Un approccio relativistico comporta il superamento del tipico Pensiero Noi / Loro che caratterizza la classificazione di alcune persone come malate di mente e il resto come normali. Può includere chiarire al bambino che le loro difficoltà derivano dal reagire a esperienze sconvolgenti che potrebbero turbare qualcuno, ridurre il loro sentimento che qualcosa deve essere sbagliato con loro a causa del modo in cui hanno affrontato sconvolgimenti o traumi. In relazione a ciò, è utile chiarire che la società – ei tradizionali professionisti della salute mentale – che spesso descrivono come patologia nei bambini (e negli adulti) possono essere in realtà i modi in cui hanno trovato di affrontare e sopravvivere di fronte alle avversità e quindi in un senso importante sono stati i punti di forza a causa del loro valore di sopravvivenza. Una volta stabilito il rispetto per il coping, dando al bambino un maggiore rispetto di sé, è spesso più facile aiutare il bambino a guardare i modi in cui i loro stili di coping possono metterli in difficoltà che preferiscono evitare e continuare ad aiutarli trovare modi meno rischiosi per far fronte.
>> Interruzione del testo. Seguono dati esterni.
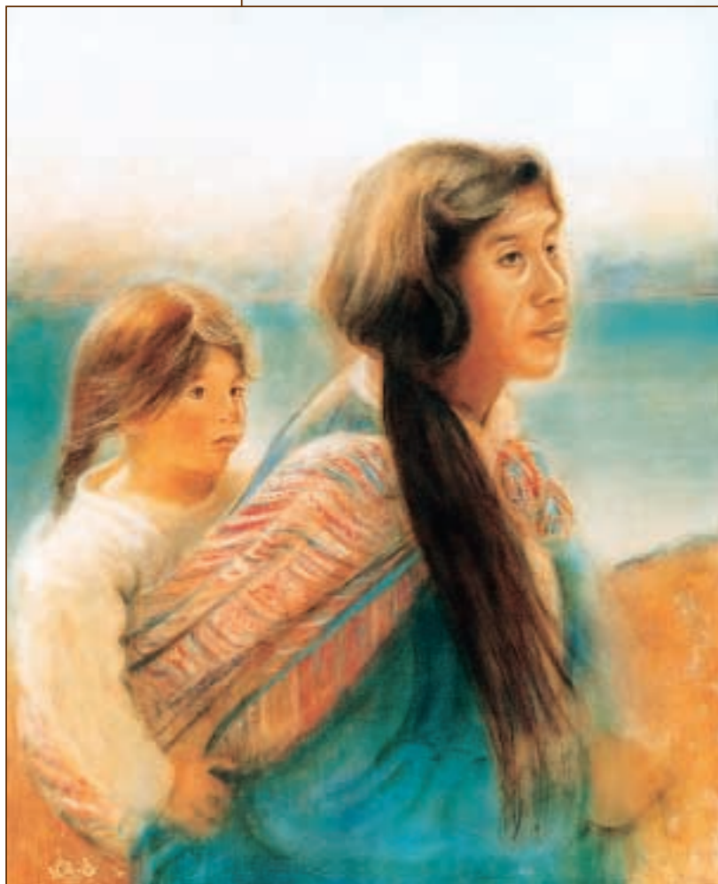
"Mère et enfant Quechua" Acrylique et huile sur toile 82 x 100 cm

Cette plaquette a été réalisée avec la collaboration de José Bure, photographeur et webmaster et Elisabeth Fally, maquettiste qui participent de façon active au projet Viva el Perú . Patrice Lecoq, maître de conférence en archéologie américaine à l'université de Paris I est l'auteur de la préface. Il s'occupe du suivi scientifique du livre. Fanny Moutarde est correspondante au Pérou où elle entreprend actuellement une thèse universitaire en archéologie. Alain Rosenbach, peintre, est l'auteur des autres textes et de l'ensemble du matériel visuel de l'ouvrage. Consultation et courrier internet sur http://www.vivaelperu.com

Per quanto riguarda i bambini che hanno "disabilità" o differenze di apprendimento, l'approccio relativistico può essere utile. Implica l'insegnamento sia del bambino che sta lottando con le attività scolastiche e altri bambini vicini a quel bambino (famiglia, compagni di classe, amici di quartiere) che tutti di ogni età hanno punti di forza e di debolezza, che variano enormemente da una persona all'altra, che molti di questi sono innati e di cui non vergognarsi, e quelli le cui debolezze rientrano in certe categorie (specialmente le materie scolastiche) sono quelli che sono etichettati con disabilità ma che molte altre persone hanno grossi problemi con altri tipi di compiti e abilità che avvengono non essere enfatizzato a scuola. Questo è ovviamente un modo per insegnare ai bambini la grande varietà di differenze individuali che caratterizzano gli esseri umani.